COMMENTARY | As President Obama prepares to address the nation about the situation in Syria, an ordinary citizen should be grateful he doesn’t sit in Congress and have to cast a vote on this true dilemma. Indeed, the ordinary citizen is forgiven for throwing up his hands up and yelling, “Forget it! I’m sick of war! And anyways, a dilemma is by definition a choice between two lousy options, and I’m picking the option that doesn’t cost money, possibly lives of Americans, certainly lives of Syrians, and possibly lives of Israelis and/or others.”
Unfortunately, odds are only about 50-50 that this frustrated citizen will be satisfied (if that’s the right term – it’s also about 50-50 that term is wrong).

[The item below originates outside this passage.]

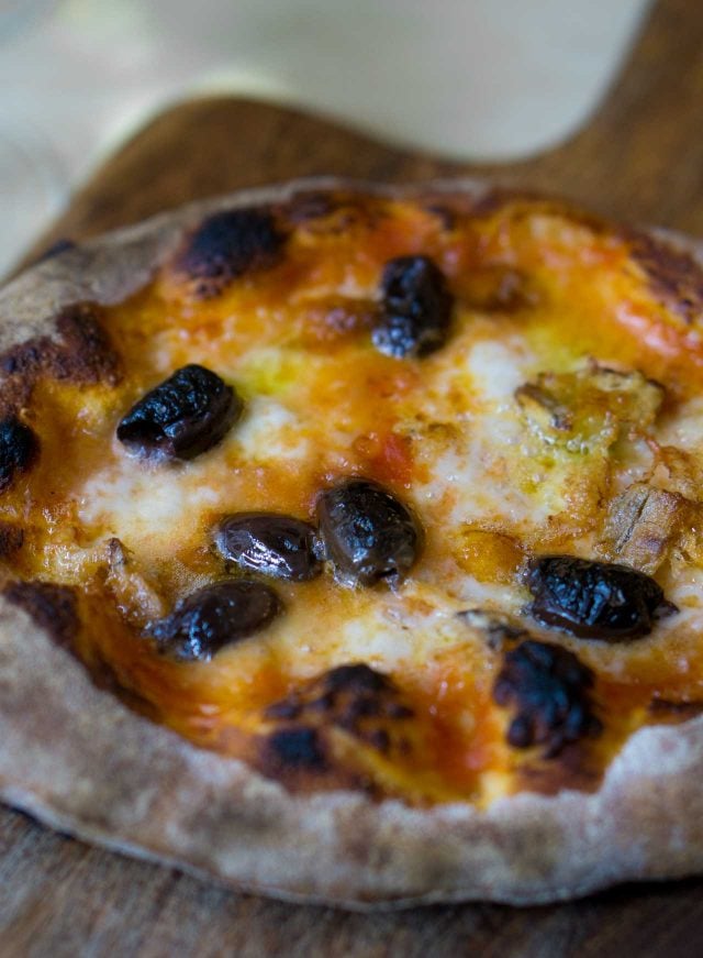 The appetizer pizzetta (above) has become the signature dish at this corner cafรฉ. The little pizzetta that I started with was made with taleggio cheese and Niรงoise olives, a mix of pitted and unpitted. If you go in the evening, when the cafรฉ becomes a wine bar, only the pizzettas are available. (The vibe and crowd is also decidedly different at night and if you want to dine, youโll want to come for lunch.) I split the pizzetta with my dining companion, who had the Kefta made of pork with labneh.

There will be two votes in Congress very soon on this matter, and the money and lives could be spent. Moreover, the President believes that spending must be done – in a limited, “surgical” way, as in we’re going to fire a dozen or so cruise missiles into Syrian government sites and, we hope, only hit equipment…and maybe a few of those chemical triggermen.
Both Congress and citizens are actively wrestling with three notions here: 1) Chemical weapons were used “for sure” about August 21 in Syria; those weapons killed over 1000 people, including children, and the president says this was done by the national government there. (For the record, such weapons have been widely accepted as illegal three separate times since 1899, indeed before they even existed.) 2) Very recently in American history, intelligence about such weapons of mass destruction has been wrong. (Google “Second Iraq War, the Run-up to”; no specific link is necessary.) And 3) President Obama has said that the use of such weapons is a “red-line” matter requiring a response; this is widely said to be important in terms of America’s credibility.
First, let’s throw out number three. Who cares, as my brother often points out, what any politician says? As the saying goes, the sun will come up tomorrow if Obama doesn’t keep his word, and nobody new will be inspired to take up actual arms against us who doesn’t already have them locked and loaded.
So the real question, on which congressmen within both parties disagree, comes down to: What’s more important? That an alleged strike by the Syrian government killed children with illegal weapons, given that no trial will take place on “that alleged thing,” or that you, I and others are skeptical about any current U.S. information about WMDs? That’s right: dead kids versus a mindset.
Dead children are palpable; a mindset isn’t, so the strike is needed – in my mind by a painfully close 51-49.
And we need be ready to scramble the jets in defense of Tel Aviv against Iran and possibly others. It’s not exactly the Cuban Missile Crisis, but it’s damned close.